Paris Climate Accord: Policy Is Catching Up With the Science

It can't be business as usual anymore if we are to protect all life from the human-caused effects of a warming planet.

There's a feeling of hope, and rightly so, coming out of Paris this past weekend: The climate accord, signed by 195 countries, shows a commitment by the global community to reduce the greenhouse gases warming our planet. The world's governments are for the first time agreeing to commit themselves to taking concerted action to curtail the causes and impacts of climate change.

WCS marine conservationists and their partners are identifying coral species resilient to current and projected impacts of climate change that must be protected.
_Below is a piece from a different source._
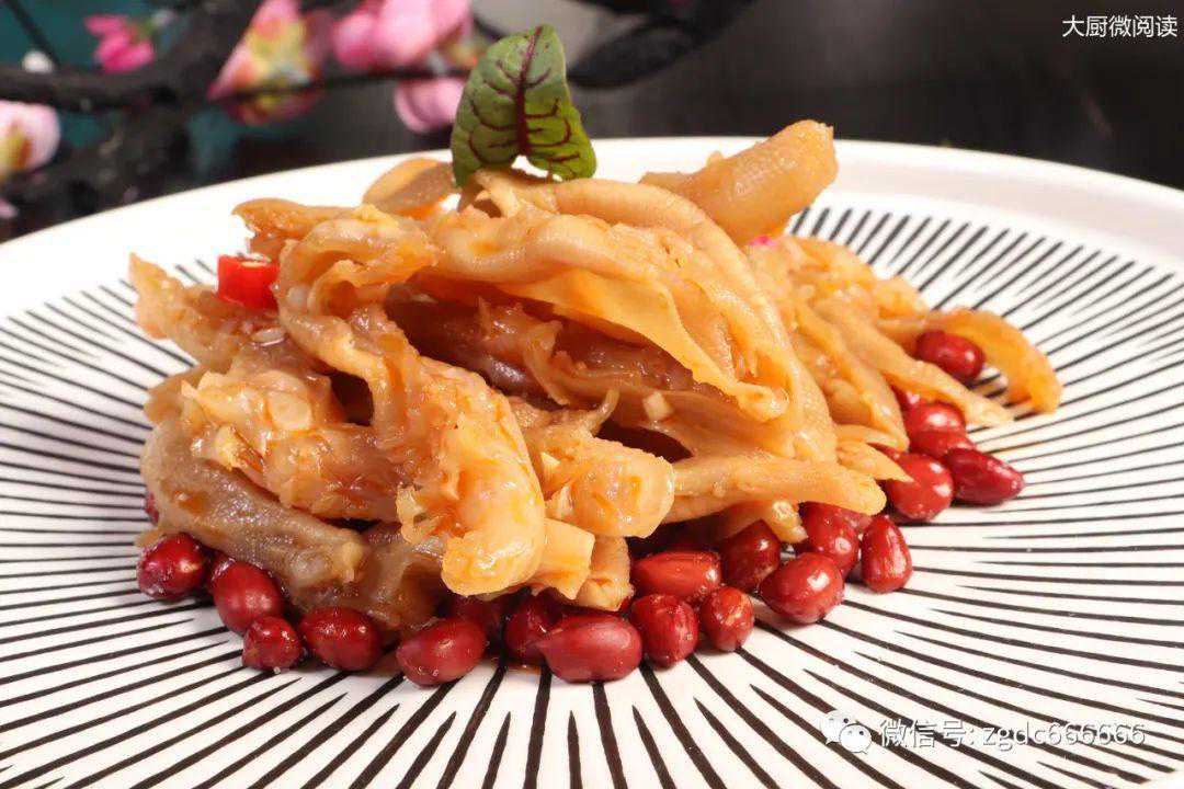 取油炸花生米100克垫入盘底,盖上泡好的椒麻无骨鸭掌150克,点缀花草即可走菜。

Photo by Tim McClanahan ©WCS.

This 21st gathering of the Conference of the Parties of the United Nations Framework Convention on Climate Change marks a point where policy is catching up with the science. It can't be business as usual anymore if we are to protect all life from the human-caused effects of a warming planet.
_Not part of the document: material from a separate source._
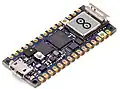 | Nano RP2040 Connect[20] | Arduino | 45×18 | 30 | via pads | 5+4+2 | micro-USB | 16 MB | 1 | Wi-Fi, Bluetooth, 9-axis IMU, microphone | .jpg)  | |||

The accord should be praised for recognizing the urgent need to take significant actions reducing the use of fossil-fuels and the need to reduce emissions of CO2 caused by deforestation. Tropical deforestation represents around 15 percent of global emissions, more than all the cars, trucks, and airplanes in the world combined. Further, intact forests protect wildlife habitat and absorb carbon dioxide through continued growth, partially counteracting emissions from other sources.

On the issue of deforestation, WCS is pleased to see in the accord language specifically encouraging the protection of our planet's last intact forests. The accord emphasizes the need for 'policy approaches and positive incentives for activities relating to reducing emissions from deforestation.'

In Madagascar and across the globe, WCS works with local communities to address deforestation and help both wildlife and people adapt to the impacts of climate change. Photo by Julie Larsen Maher ©WCS.
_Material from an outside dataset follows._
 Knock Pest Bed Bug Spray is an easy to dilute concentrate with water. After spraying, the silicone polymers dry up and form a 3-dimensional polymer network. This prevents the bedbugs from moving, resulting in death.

Our hope is that technological solutions and long-term behavior change will create the framework for a sustainable future by matching reductions in deforestation with the finances that are needed to pay for the nuts and bolts of conservation. Protecting our large intact forests also provides habitat for a vast array of species, many of which will need to adjust ranges and find new resources to help them adapt to the impacts of climate change.

At WCS, we work with local communities across the globe that depend on ecosystems; we are working with them to address issues of deforestation and we are helping both wildlife and people adapt to the impacts of climate change by ensuring the protection of functioning ecosystems and the services they provide that support all life on our planet.

Paris is not the last word nor the last global commitment that will be necessary to truly address climate change, but it is a vital step along the way. We all need to take further action to promote clean energy, wean our economies off fossil fuels, curtail deforestation, and focus even more on applied solutions to both the current and future impacts of a warming planet.